I would support this club, I would support a club that is women only, and I would support a club that allows both men and women. I agree with the OP's beef about their acceptance of money by them. I don't know how this club started, but anyone can start a club and have specific rules about membership. Even today there are many organizations that are gender specific, some even have a male/female "side". My first thought when reading this was "maybe get some gals together and approach the club and ask to be their female counterparts, where all the gals shoot some nights, guys some nights, then have shooting times together. Also, increase membership by encouraging couples to join together. Which would give each some gal time, guy time and mutual time." If they don't want to do, start your own as you see fit. I really doubt these guys formed their club because they are afraid of the women's skills or because they are gay, some guys got together and formed a club with no women, in the scheme of things, not out of the ordinary or bad. Respectfully, just some thoughts.


----------



## boarman1 (Jul 20, 2008)

A club that doesnt support women in outrsport is pure stupid. Archery is for family's and anyone should be allowed to join.


----------



## 3Dblackncamo (Jul 22, 2009)

buckeye_girl said:


> I found out today that a local club that we were interested in joining does not allow women to become members. However they have no problem accepting our money to shoot on weekends. I guess more than anything I'm a little put off by this. I expect a bit more out of the archery world perhaps?
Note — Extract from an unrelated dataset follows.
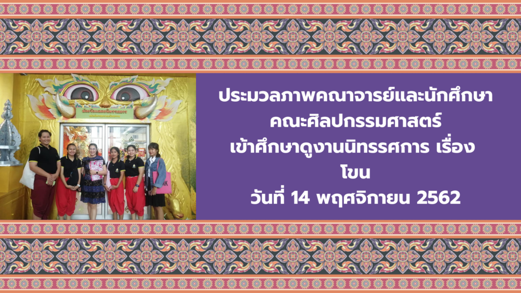 ประมวลภาพคณาจารย์และนักศึกษา คณะศิลปกรรมศาสตร์ เข้าศึกษาดูงานนิทรรศการ เรื่อง โขน (14 พฤศจิกายน 2562)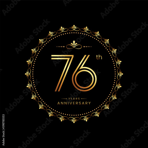Fototapeta premium 76th anniversary logo with golden number for celebration event, invitation, wedding, greeting card, banner, poster, flyer. Ornament vector design

Have you guys run into this in your neck of the woods? Thoughts??


I would not shoot there or ask to join and as others have stated they may be _ueers, I enjoy a little eye candy when I shoot, so dont let it get you ladies down all of us are not like this, at my club you would be more than welcome to join, shoot, set targets or anything else you chose to do


----------



## threetoe (May 13, 2011)

I like the eye candy at my club.
;-)


----------